Herbert Boyer and Restriction Enzymes
Herbert Boyer’s journey into scientific discovery started off in an unexpected way. After getting turned down by medical school, he decided to dive into graduate studies in bacterial genetics, and that detour ended up being important.
While doing his postdoc at Yale, Boyer really got into studying genetic exchange in bacteria. He became particularly intrigued by restriction enzymes, which cut DNA at specific spots.
These restriction enzymes are naturally found in bacterial cells. Bacteria use them to chop up foreign virus DNA, which helps stop the virus from multiplying inside the bacteria.
Back in the 1960s, scientists were just starting to realize that different restriction enzymes cut DNA at unique and predictable sites. Boyer was fascinated by how precise and powerful these enzymes could be.
Eventually, his lab managed to isolate a specific restriction enzyme called EcoRI, which would go on to become widely used. This enzyme cuts DNA consistently at a certain location, as shown below.2
Boyer’s work on restriction enzymes was great for cutting DNA accurately, but it needed something else to achieve genetic exchange and recombination: a way to carry and replicate foreign DNA inside cells. That’s where Stanley Cohen stepped in.

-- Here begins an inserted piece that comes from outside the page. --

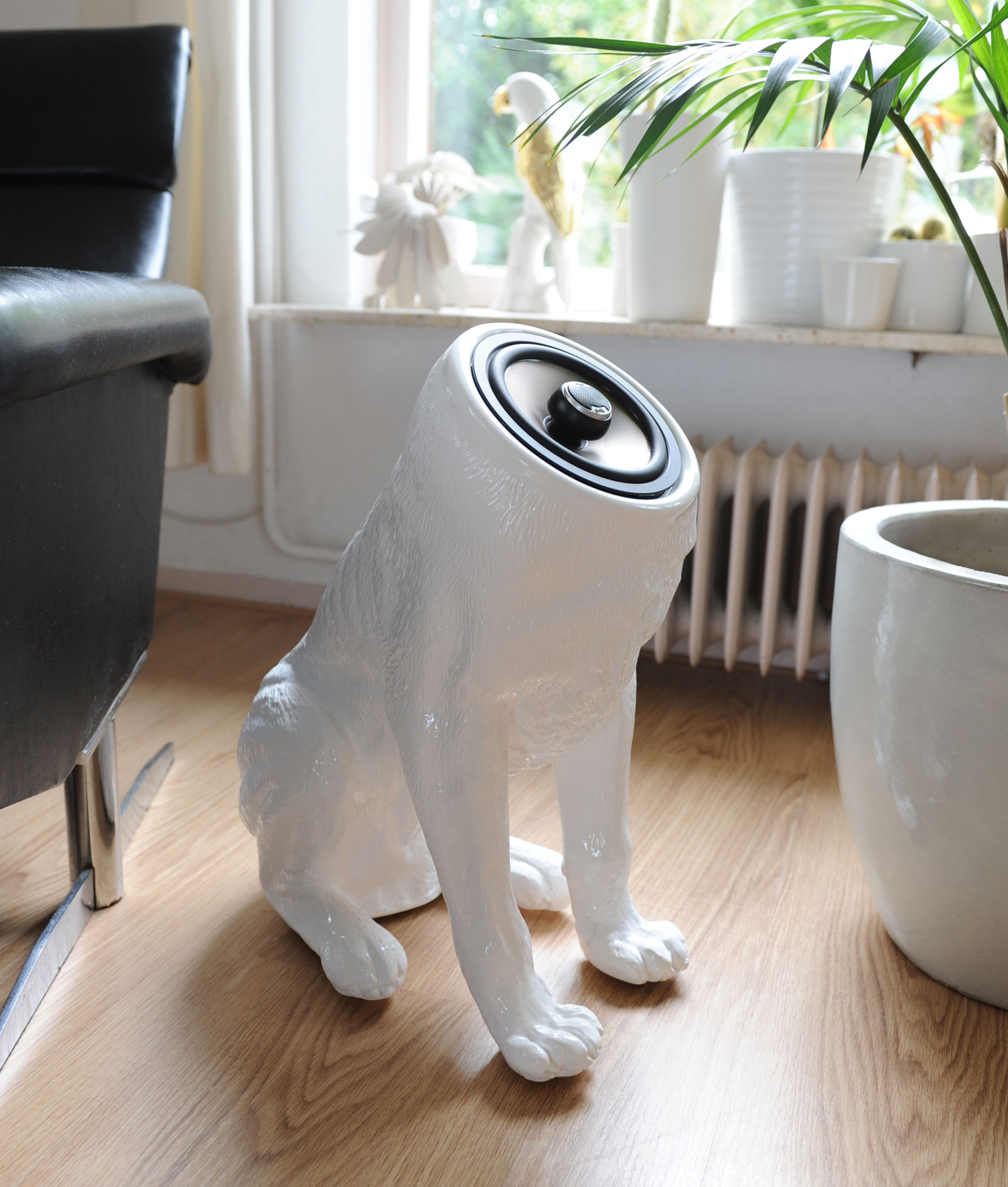 This is functional kitsch; the wrong becomes the new right. By adding a function to an otherwise grotesque object, it acquires new aesthetic values, becoming an object of desire. Pun intended; these woofers hold the midst between a loyal 4-footed companion and an addition to your sound system.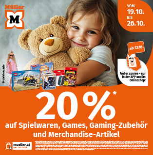 *Die Aktion gilt ausschließlich auf Artikel der Kategorien „Spielwaren, Games, Gaming-Zubehör und Merchandise Artikel“. Der Rabatt wird an der Kassa abgezogen. Die Aktion ist nicht gültig auf andere Aktionspreise und nicht mit anderen Aktionen (z.B. Coupons, %-Aktionen, Naturalrabatte, etc.) und aktuellen Angeboten kombinierbar. Ausgenommen von der Aktion sind auch folgende Artikel / Hersteller: Produkte i.S.d. Buchpreisbindungsgesetzes (z.B. Bücher), preisgebundene Verlagserzeugnisse (z.B. Zeitungen und Zeitschriften), Gutscheinkauf, Dienstleistungen, Network / Online Karten, Hörbücher und Hörspiele, Spielekonsolen / VR-Brillen von Nintendo / Sony / Microsoft, Smartphones / Handys, Tablets, Airpods / Earpods, TV-Geräte, PC / Laptop, Apple-Artikel, Amazon-Artikel, OOONO, Prepaid-Karten, Tragetaschen, kostenpflichtiges Verpackungsmaterial und Pfand. Nur solange der Vorrat reicht. Die Firma Müller behält sich vor, die Aktion jederzeit ohne Vorankündigung zu beenden. Keine Barauszahlung.

Stanley Cohen and Plasmids
Stanley Cohen took a more traditional path into the scientific field. After getting his medical degree, he jumped into molecular biology during his postdoctoral work and eventually focused on plasmids.3
Plasmids are these little loops of DNA found in bacteria that can give them some pretty cool abilities, like resisting certain antibiotics or using unique food sources.
You can think of plasmids as tiny bonus instruction booklets inside bacteria. They’re separate from the main instructions, which are in the chromosomal DNA. While chromosomal DNA can have millions or even billions of bases, plasmids usually only have a few thousand at most.
Thanks to their small size, circular shape, and ability to replicate independently of the bacterial chromosome, plasmids are stable and easy to manipulate.
By the early 1970s, Cohen figured out a way to isolate plasmid DNA from bacterial cells. He would break it into pieces and then put those pieces back into the bacteria to test if it could be used for genetic recombination.
But his method was unfortunately pretty slow and inefficient; the DNA ended up getting fragmented randomly, and it was tough for the bacteria to take it up.
Still, he published numerous papers on plasmids and was recognized as a leader in the field. In 1972, Cohen began organizing a conference on plasmid research, eager to explore better methods for manipulating plasmid DNA.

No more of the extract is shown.